2016 Progressive Poem
A squall of hawk wings stirs the sky
A hummingbird holds and then hies
If I could fly, I’d choose to be
Sailing through a forest of poet-trees
A cast of crabs engraves the sand
Delighting a child’s outstretched hand
If I could breathe under the sea
I am very happy to be participating in this year’s Progressive, and collective, Poem, started and each year renewed by Irene Latham. This year Laura kicked it off with a beautiful opening line, which Joy, Doraine, Diane, Penny, and Carol have all built on beautifully.
When I sat down to write I felt I had an interesting decision about whether to echo the structure of the first stanza. I decided that I would because I was intrigued by the “I” and wanted to bring that voice back into the poem. I considered following the third line more closely with something like “If I could dig, I’d choose,” or “If I could creep, I’d choose,” but those actions didn’t seem as much of a stretch as flying. I also wasn’t sure I wanted to take the poem under the sand, so instead I took us into the ocean. I can’t wait to see where Janet takes us next.
All the best,
Liz
Your lovely line is flows perfectly & provides so many possibilities.
Thank you!
Love the idea of a repeated structure. It helps guide us. Your cinquain work inspired my poem today. Thanks.
I’m so happy to hear that. I’ll go see if you’ve posted it.
Perfect, Liz! I love your line, both because you repeated the structure of the first stanza and because this poem has one foot in reality and one foot in imagination.
I’m enjoying that too, Michelle.
Yes, I think you have taken this poem to a nice place, and it looks so poetically focused now… bringing back to the I and echoing the first stanza! It’s satisfying, thought-provoking, and open to possibilities!
Isn’t it amazing that all these things happen across writers? It’s almost as if the poem has a mind of its own.
I like the echo, too, Liz. “If I could breathe under the sea” adds magic to the poem beautifully, or simply a wish. You’ve introduced everyone to more ideas! Terrific!
Thanks, Linda!
Beautiful evocative line, Liz and it gels so well as a whole now.
Thanks, Catherine.
Liz, leading us back to the narrator in the first paragraph gives the next set of writers a chance to explore the flight of fantasy and wonder that fills the world. The ocean always draws readers to its depths so let’s see what can be found there. As for the words you chose, I think they provide another charge for the narrator as her imagination soars.
Thank you. I’m very eager to see where the poem goes from here.
This is going swimmingly. I love the presence of nature, a child, and now a new life under the sea.
Thanks, Brenda, I can’t wait to see what the next writers find there.

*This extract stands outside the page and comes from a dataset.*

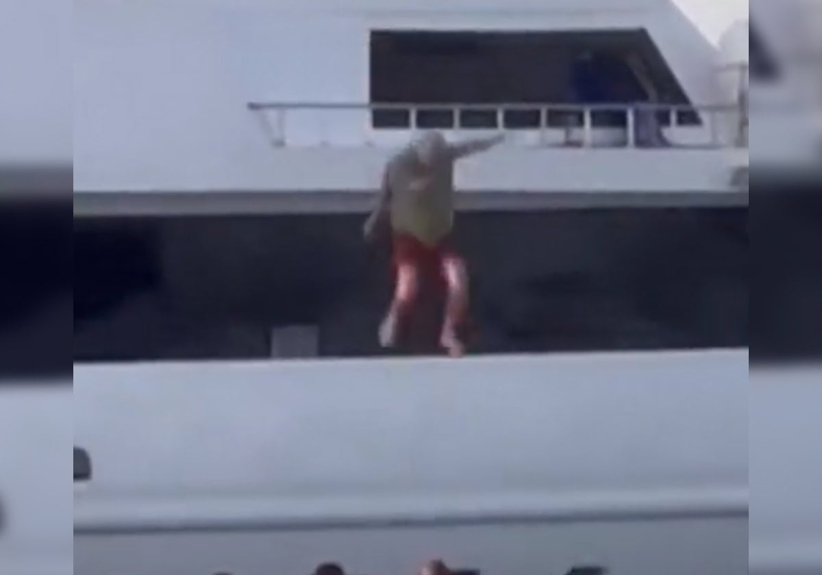 وبدا الناجي في الفيديو وهو يقف على حافة المركب، ويقفز وسط قارب مطاطي كان يضم عدداً من المنقذين.

Oh I love this wistful line!! Thank you, Liz! xo
Thanks, Irene, and thanks for inspiriting such a wonderful, community experience.
Love that you’ve taken us from the crabs on the sand into the depths of the sea…and focused on breath as the wondrous element there. Beautiful transition!

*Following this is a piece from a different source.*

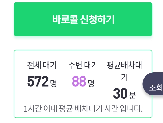 앱 첫 화면을 보시면 전체대기, 주변대기, 평균배차대기 이렇게 3가지가 보입니다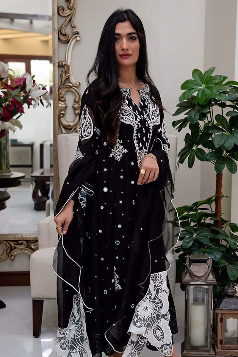 Beautifully embroidered and handcrafted kalidar in cotton net with mirror work and handwork details. It has our signature back. It is paired with a scalloped organza dupatta with hand work spray and lace detailing and statement pants. Perfect for an intimate wedding or any festive occasion.Shirt: Cotton NetDupatta: Cotton Net

Thanks, Buffy. Crabs are cool. I think they might need their own poem.
I like the fact you’re maintaining the integrity of the first stanza while stretching the imagery into the sea…looking forward to seeing where this goes!
We are all pretending together…such fun! I am really enjoying this… xx
I’m so excited about your line. I love that you echoed the structure! And speaking of echo, I echo Michelle—”this poem has one foot in reality and one foot in imagination.” I really like that because we have beautiful language and vocabulary mixed with childlike imagination and wonder. Perfect for a KID-litopshere poem!
Nice job, Liz!
Hi Liz ! I was swimming along probing the depths yesterday. Thank you for giving me such a fun place to go. I weighted many options and did enjoy how you gave the poem the repeating structure. I love watching this Progressive Poem unfold and marvel each year. (Sweat the words I choose, wondering if they are the “right ones” but love it nonetheless!) Glad you were right before me.

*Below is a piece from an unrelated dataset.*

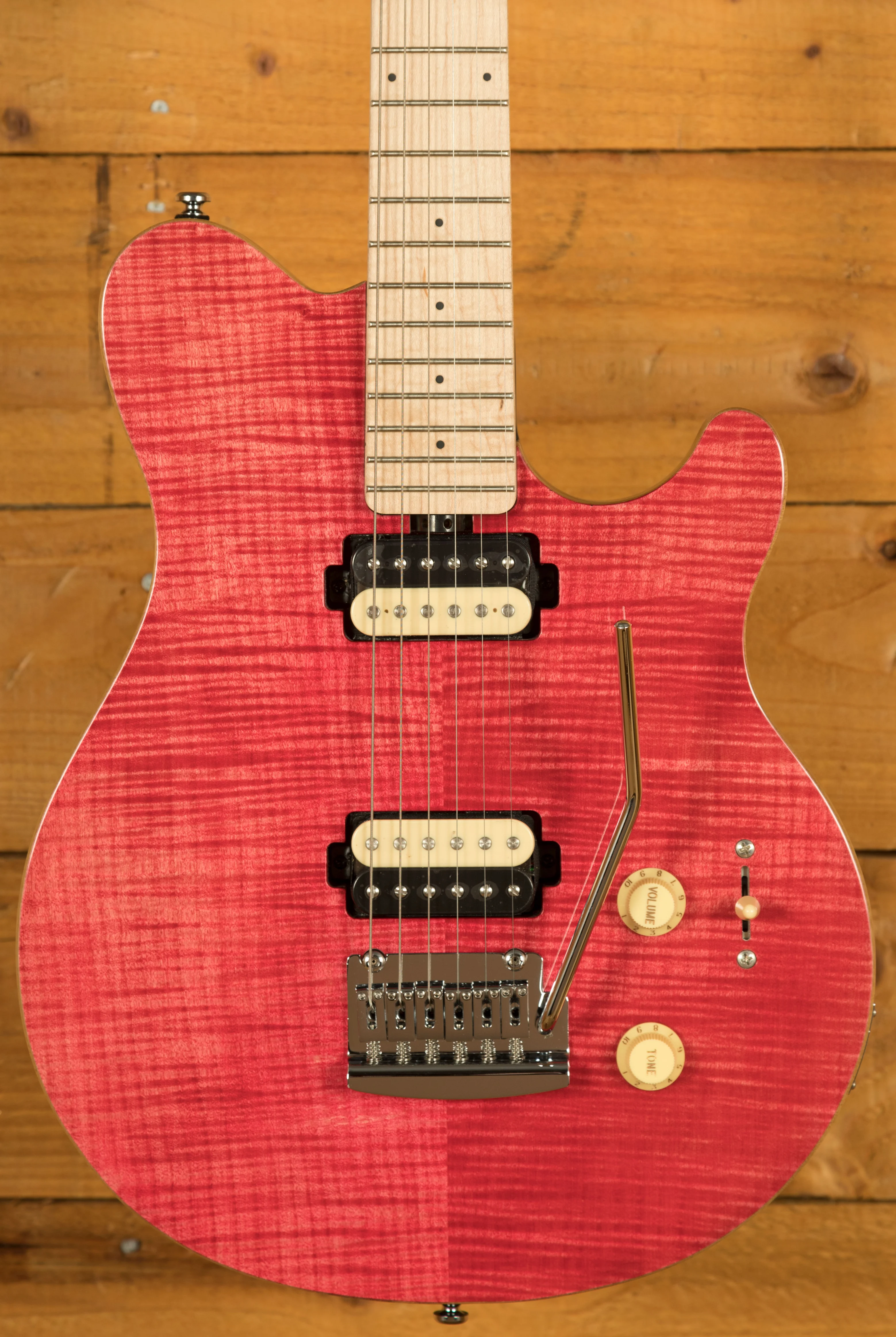 The Sterling by Music Man SUB Series Axis AX3FM is a modern take on one of the most iconic shapes in guitar design. With its updated flame maple veneer top, asymmetrical neck profile and versatile 5-way switching, the AX3FM blends classic inspiration with contemporary playability in a lightweight, stage-ready build.

And, spash! – below the water we go. Thanks for the thoughtful creation of your line, Liz – I’m off to see where Janet took it, since I’m running behind this week and just now catching up.
Hi, Liz–I’m catching up line by line, but I’m not keeping up with everything else very well at all this year! You’re having a most productive month, however. I’m excited that you chose to bring back the “If” and the “I” from the first stanza–it both unites what could have become some disjoint pieces of the poem and swims away from that external child back into voice that lives in the poem.
If you have any music match-up thoughts, send them my way…still a lot of airtime available!